EXERCISE MATERIAL
═══

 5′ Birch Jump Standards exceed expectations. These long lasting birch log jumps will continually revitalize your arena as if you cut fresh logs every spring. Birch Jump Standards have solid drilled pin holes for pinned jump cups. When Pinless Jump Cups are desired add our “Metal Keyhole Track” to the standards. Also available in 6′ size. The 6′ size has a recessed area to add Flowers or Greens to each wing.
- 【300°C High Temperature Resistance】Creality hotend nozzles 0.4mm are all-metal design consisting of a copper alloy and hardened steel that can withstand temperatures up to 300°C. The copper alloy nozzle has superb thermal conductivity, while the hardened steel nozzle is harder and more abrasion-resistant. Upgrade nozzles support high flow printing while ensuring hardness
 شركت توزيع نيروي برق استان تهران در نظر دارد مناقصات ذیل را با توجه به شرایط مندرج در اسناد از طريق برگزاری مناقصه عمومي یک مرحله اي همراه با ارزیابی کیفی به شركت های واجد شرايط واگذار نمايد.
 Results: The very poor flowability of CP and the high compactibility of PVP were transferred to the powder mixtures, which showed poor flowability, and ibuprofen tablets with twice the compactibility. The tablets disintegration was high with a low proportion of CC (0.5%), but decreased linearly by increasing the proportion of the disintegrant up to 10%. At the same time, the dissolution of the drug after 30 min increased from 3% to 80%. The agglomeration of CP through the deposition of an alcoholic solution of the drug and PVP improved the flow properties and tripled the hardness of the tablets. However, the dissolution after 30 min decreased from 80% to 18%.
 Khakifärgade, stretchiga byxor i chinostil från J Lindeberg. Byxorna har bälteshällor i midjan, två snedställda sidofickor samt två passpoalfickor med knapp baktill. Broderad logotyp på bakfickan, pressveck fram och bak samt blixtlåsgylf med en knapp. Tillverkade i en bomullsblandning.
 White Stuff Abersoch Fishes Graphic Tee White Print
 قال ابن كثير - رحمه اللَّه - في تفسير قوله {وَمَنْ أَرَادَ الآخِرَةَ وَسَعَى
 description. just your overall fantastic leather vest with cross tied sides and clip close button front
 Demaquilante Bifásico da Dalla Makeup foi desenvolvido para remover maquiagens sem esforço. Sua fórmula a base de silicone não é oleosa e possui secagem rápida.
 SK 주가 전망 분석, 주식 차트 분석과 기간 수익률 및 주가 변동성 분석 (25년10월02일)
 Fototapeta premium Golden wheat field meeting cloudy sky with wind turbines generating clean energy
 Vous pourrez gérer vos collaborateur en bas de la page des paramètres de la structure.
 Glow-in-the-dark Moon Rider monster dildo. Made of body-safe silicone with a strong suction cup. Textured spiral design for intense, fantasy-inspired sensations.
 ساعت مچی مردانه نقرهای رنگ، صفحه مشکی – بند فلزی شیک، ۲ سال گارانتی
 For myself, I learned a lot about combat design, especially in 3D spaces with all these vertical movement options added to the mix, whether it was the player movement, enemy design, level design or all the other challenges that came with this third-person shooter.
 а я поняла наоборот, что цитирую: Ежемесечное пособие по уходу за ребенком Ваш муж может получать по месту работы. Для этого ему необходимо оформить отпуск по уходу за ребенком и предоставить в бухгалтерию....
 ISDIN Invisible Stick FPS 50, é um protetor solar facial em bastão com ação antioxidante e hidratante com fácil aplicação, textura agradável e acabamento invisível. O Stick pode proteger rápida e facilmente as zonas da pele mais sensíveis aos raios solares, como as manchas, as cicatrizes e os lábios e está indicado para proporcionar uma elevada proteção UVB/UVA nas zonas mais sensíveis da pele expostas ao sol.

═══

PROBLEM TO SOLVE
Beginning at the line above with "Demaquilante Bifásico da" and finishing at the line with "Vous pourrez gérer", return each line exactly and return nothing else.

RESPONSE FOR THIS EXERCISE
 Demaquilante Bifásico da Dalla Makeup foi desenvolvido para remover maquiagens sem esforço. Sua fórmula a base de silicone não é oleosa e possui secagem rápida.
 SK 주가 전망 분석, 주식 차트 분석과 기간 수익률 및 주가 변동성 분석 (25년10월02일)
 Fototapeta premium Golden wheat field meeting cloudy sky with wind turbines generating clean energy
 Vous pourrez gérer vos collaborateur en bas de la page des paramètres de la structure.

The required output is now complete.